Banyak bukti menunjukkan bahwa
peningkatan simpanan besi dalam tubuh berhubungan dengan peningkatan
risiko kanker. Stevens, dkk dalam penelitiannya menemukan mampu ikat
besi (total iron binding capacity) lebih rendah, sedangkan jenuh transferin lebih tinggi pada penderita kanker dibandingkan dengan bukan penderita.
Selenium dalam tanaman maupun hewan berbentuk selenat, selenocystin, selenomethionin, dan
bentuk-bentuk lain yang belum diidentifikasi. Pengkajian dari angka
rata-rata konsumsi selenium per kapita yang berasal dari 27 negara,
mendapatkan hubungan terbalik dengan total kematian karena kanker,
kematian karena leukemia, dan kanker kolon, rektum, payudara, ovanum,
dan kanker paru.
Dari beberapa studi kasus kontrol didapatkan
bahwa penderita kanker mempunyai selenium darah yang lebih rendah
daripada kontrol. Akan tetapi data penelitian ini harus
diinterpretasikan dengan hati-hati, karena kadar selenium darah yang
rendah mungkin merupakan konsekuensi sakit. Studi prospektif dapat
menunjukkan bahwa risiko kanker meningkat pada kelompok dengan selenium
darah, vitamin E dan vitamin A darah yang rendah. Selenium menghambat
transformasi neoplastik dalam berbagai organ epitel pada hewan.
Beberapa
studi menunjukkan efek protektif terhadap kanker hati, payudara, kolon,
dan kulit. Akan tetapi dosis yang diberikan sampai menghasilkan efek
protektif ini, dalam berbagai penelitian sama dengan dosis yang dapat
menimbulkan keracunan pada pemberian jangka panjang.
4. Serat makanan
Serat
makanan meliputi selulosa, hemiselulosa, lignin, gums, pektin.

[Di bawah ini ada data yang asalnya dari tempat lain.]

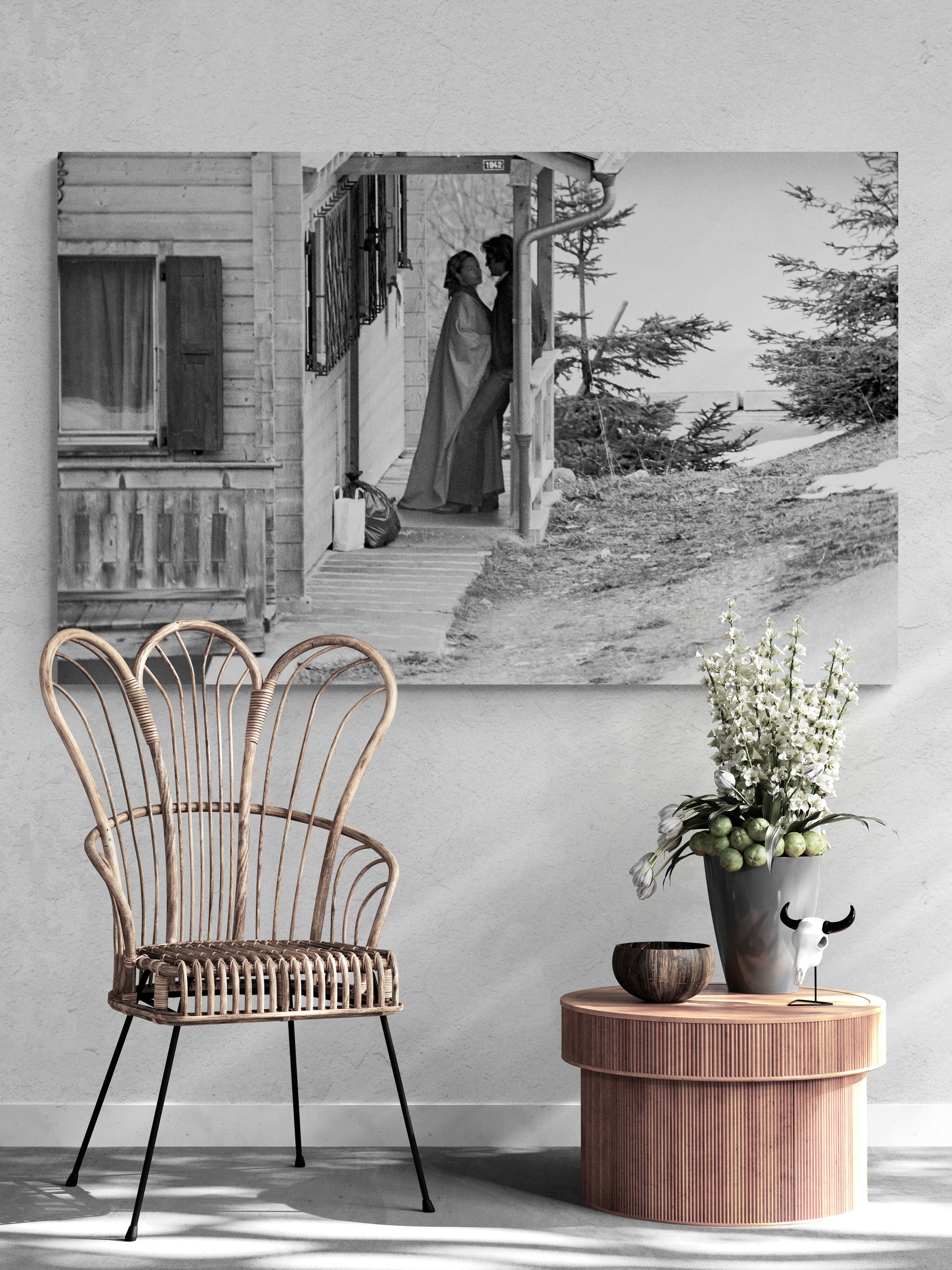 En 1976, le photographe Daniel Angeli capture un moment privé entre Romy Schneider et Daniel Biasini, au seuil de leur chalet en Suisse. Le couple, absorbé dans un baiser, semble inconscient de l'objectif qui saisit leur intimité. Derrière eux, le chalet et le paysage des Diablerets forment un arrière-plan à la fois simple et spectaculaire, évoquant la tranquillité de la vie en montagne. Cette photo, dans sa simplicité, raconte une histoire de vie loin de la scène publique, offrant une touche de romantisme à n'importe quel espace de vie.

Sumber
utama serat makanan adalah sayuran, buah-buahan dan biji-bijian penuh
atau utuh. Dari beberapa studi epidemiologi, didapatkan korelasi antara
konsumsi serat makanan dengan risiko kanker kolon.
Pada studi
dengan manusia, masih belum cukup informasi tentang komponen dari serat
makanan dan pengaruh terhadap risiko kanker. Diperkirakan jenis serat
memegang peranan penting. Pada beberapa studi lain juga diamati hubungan
dengan zat gizi lain, karena walaupun terdapat korelasi yang kuat
antara risiko kanker kolon dengan pola makanan tinggi sera, komponen
diet lainnya mungkin berpengaruh terhadap korelasi ini.
Dari 19
studi kasus kontrol yang mengukur peran serat makanan pada kanker kolon,
tiga studi tidak menemukan peran, tiga studi menemukan hubungannya
dengan kenaikan risiko kanker, dan 13 studi menemukan efek protektif
serat makanan, khususnya sayuran. Efek protektif dikemukakan dalam dua
studi kasus kontrol yang menguji risiko relatif untuk diet tinggi lemak
dan rendah lemak.
Secara keseluruhan, studi kasus kontrol
menyajikan hasil yang beragam, beberapa studi menunjukkan serat makanan
mempunyai efek protektif dan lainnya tidak. Pada studi menggunakan hewan
cobaan, juga didapatkan hasil yang tidak taat azas dalam hubungan
antara serat makanan dengan kanker kolon. Hal ini dipengaruhi oleh
beberapa faktor seperti sifat karsinogen yang digunakan, komposisi diet,
perbedaan kuantitatif dan kualitatif dalam serta makanan, strain hewan
cobaan yang digunakan, dan lama percobaan.
5. Makanan olahan
Cara
penyimpanan dan pengolahan makanan bervariasi antar negara, dan
perbedaan ini mungkin memberikan kontribusi yang besar dalam variasi
beberapa jenis kanker.
Pengasapan makanan dapat membentuk senyawa hidrokarbon polisiklik aromatik (polycyclic aromatic hydrocarbon),
beberapa di antaranya diketahui bersifat karsinogenik pada hewan.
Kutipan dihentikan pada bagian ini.